№11, 1966/Обзоры и рецензии

Славянская историческая баллада

Б. Н. Путилов, Славянская историческая баллада, «Наука», М. – Л. 1965, 176 стр.

Для современного фольклориста-филолога один из самых важных вопросов – проблема жанра изучаемых памятников. Пока не будет найдено ее решение, хотя бы гипотетически, хотя бы предварительно, никакие ни общие, ни частные проблемы изучения народной поэзии не могут быть разрешены. Что такое баллада, и в частности славянская баллада, и имеют ли славяне вообще балладу? Что такое историческая баллада и в чем ее отличия от исторической песни и героического эпоса?

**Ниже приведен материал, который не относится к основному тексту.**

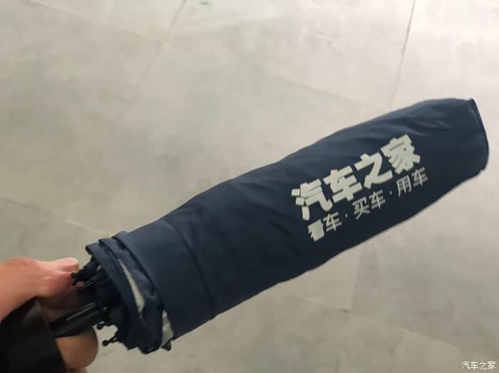 下雨了 刚好前几天汽车之家寄过来的雨伞可以派上用场了

Где здесь различия и где совпадения и связи? В книге Б. Путилова поставлены эти и целый ряд других вопросов, и большинство из них решено окончательно.

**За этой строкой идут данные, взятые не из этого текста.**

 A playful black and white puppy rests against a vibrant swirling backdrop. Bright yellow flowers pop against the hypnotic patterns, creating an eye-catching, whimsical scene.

Много места отведено в работе проблеме сюжета песен. Вот сюжетный контур некоторых из этих баллад.

Страна находится под гнетом врага – турок или татар. Один из них уводит в плен молодую девушку. Она просит развязать ее, чтобы дать ей напиться. Ей это позволяют. Тогда она идет к реке и бросается в нее, потому что не хочет достаться никому из ненавистных поработителей. Лучше смерть, даже если у врага ее ожидают почет, власть и богатство. Образ этой девушки настолько значителен, прекрасен, поэтичен, что баллада неизбежно захватит слушателя или читателя.

Если фольклорист не понимает, не видит и не слышит внутренней красоты и значительности того, что он изучает, то лучше ему за дело не браться. Надо отдать справедливость Б. Путилову. В его книге разрабатываются не только специально теоретические проблемы. В ней перед читателем проходят одна за другой прекраснейшие песни, которые поражают совершенством поэтических красот и глубиной замысла. Здесь нет систематизированного указателя сюжетов с исчерпывающей библиографией вариантов, нет схем, нет карт. Вернее, все это есть у автора, все это угадывается специалистом, но всего этого читатель не замечает. Он не видит, что в основе увлекательного изложения лежит строго продуманный указатель сюжетов исторических баллад у русских, украинцев, белорусов, болгар, македонцев, сербов, хорватов, словенцев, чехов, словаков, поляков. «Сюжет, – пишет Б. Путилов, – это живая художественная ткань баллады. В судьбах персонажей, в их взаимоотношениях, в жизненных ситуациях и перипетиях, в связанных с сюжетным развитием диалогах и высказываниях получает основную реализацию конкретный поэтический замысел. Именно в сюжете наиболее отчетливо выражается концепция действительности, раскрываются народное понимание и народная оценка отдельных сторон истории» (стр. 32). Это обеспечивает книге интерес современного читателя.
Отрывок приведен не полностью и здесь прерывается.